**WORK INSTRUCTIONS**
Print every line of the listing below, starting with the line that holds "カワハギオンリーでした。 風波ありましたが 風裏メインでやりました。" and going on through the line that holds "Muslinasta ninica NEW", both included, and print nothing else.

**SOURCE MATERIAL**
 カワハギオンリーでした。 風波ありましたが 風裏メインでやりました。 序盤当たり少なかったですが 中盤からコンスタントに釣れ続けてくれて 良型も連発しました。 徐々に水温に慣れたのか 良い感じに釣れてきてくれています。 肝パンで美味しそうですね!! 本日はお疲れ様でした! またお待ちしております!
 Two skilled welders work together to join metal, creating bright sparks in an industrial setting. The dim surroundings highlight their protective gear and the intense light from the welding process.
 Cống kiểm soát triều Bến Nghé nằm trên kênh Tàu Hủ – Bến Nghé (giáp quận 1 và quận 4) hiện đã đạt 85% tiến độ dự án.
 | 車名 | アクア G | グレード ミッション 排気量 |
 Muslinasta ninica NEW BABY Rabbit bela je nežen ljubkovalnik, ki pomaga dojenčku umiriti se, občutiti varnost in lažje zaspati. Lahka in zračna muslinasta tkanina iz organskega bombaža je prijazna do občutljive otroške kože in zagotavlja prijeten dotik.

--

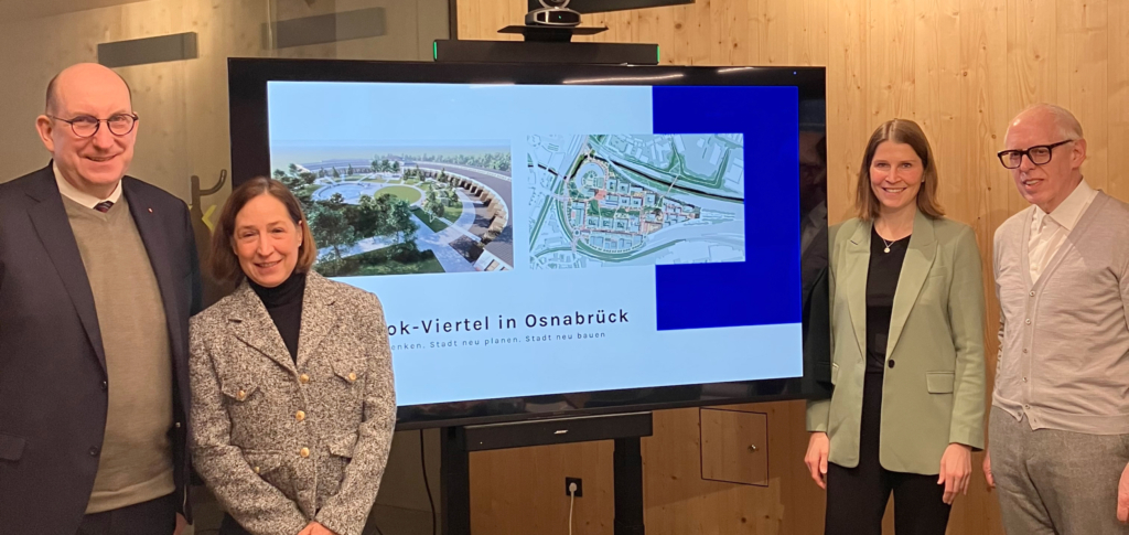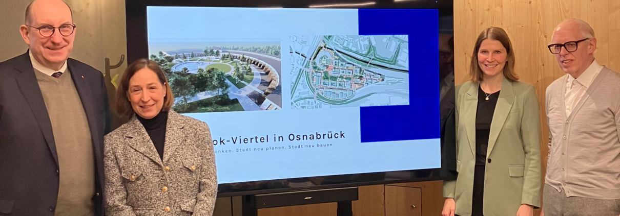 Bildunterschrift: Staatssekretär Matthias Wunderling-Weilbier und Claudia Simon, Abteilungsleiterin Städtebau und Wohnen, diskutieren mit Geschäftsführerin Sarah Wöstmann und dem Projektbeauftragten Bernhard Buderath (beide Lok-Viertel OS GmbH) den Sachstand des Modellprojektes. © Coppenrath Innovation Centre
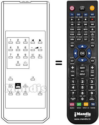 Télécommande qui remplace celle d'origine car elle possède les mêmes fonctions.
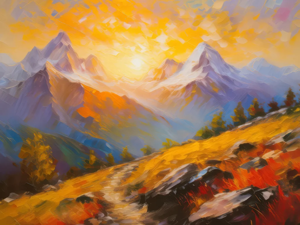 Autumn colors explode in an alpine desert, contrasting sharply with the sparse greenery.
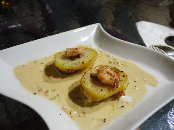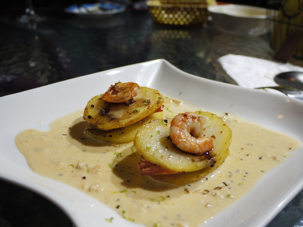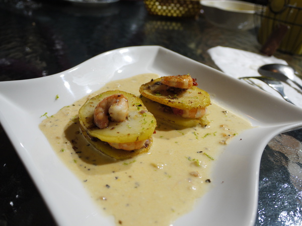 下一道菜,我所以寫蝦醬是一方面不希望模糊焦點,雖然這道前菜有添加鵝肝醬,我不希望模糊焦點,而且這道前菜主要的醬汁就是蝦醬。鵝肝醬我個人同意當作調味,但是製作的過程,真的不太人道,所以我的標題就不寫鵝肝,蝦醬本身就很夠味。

**SOLVED EXERCISE**
 カワハギオンリーでした。 風波ありましたが 風裏メインでやりました。 序盤当たり少なかったですが 中盤からコンスタントに釣れ続けてくれて 良型も連発しました。 徐々に水温に慣れたのか 良い感じに釣れてきてくれています。 肝パンで美味しそうですね!! 本日はお疲れ様でした! またお待ちしております!
 Two skilled welders work together to join metal, creating bright sparks in an industrial setting. The dim surroundings highlight their protective gear and the intense light from the welding process.
 Cống kiểm soát triều Bến Nghé nằm trên kênh Tàu Hủ – Bến Nghé (giáp quận 1 và quận 4) hiện đã đạt 85% tiến độ dự án.
 | 車名 | アクア G | グレード ミッション 排気量 |
 Muslinasta ninica NEW BABY Rabbit bela je nežen ljubkovalnik, ki pomaga dojenčku umiriti se, občutiti varnost in lažje zaspati. Lahka in zračna muslinasta tkanina iz organskega bombaža je prijazna do občutljive otroške kože in zagotavlja prijeten dotik.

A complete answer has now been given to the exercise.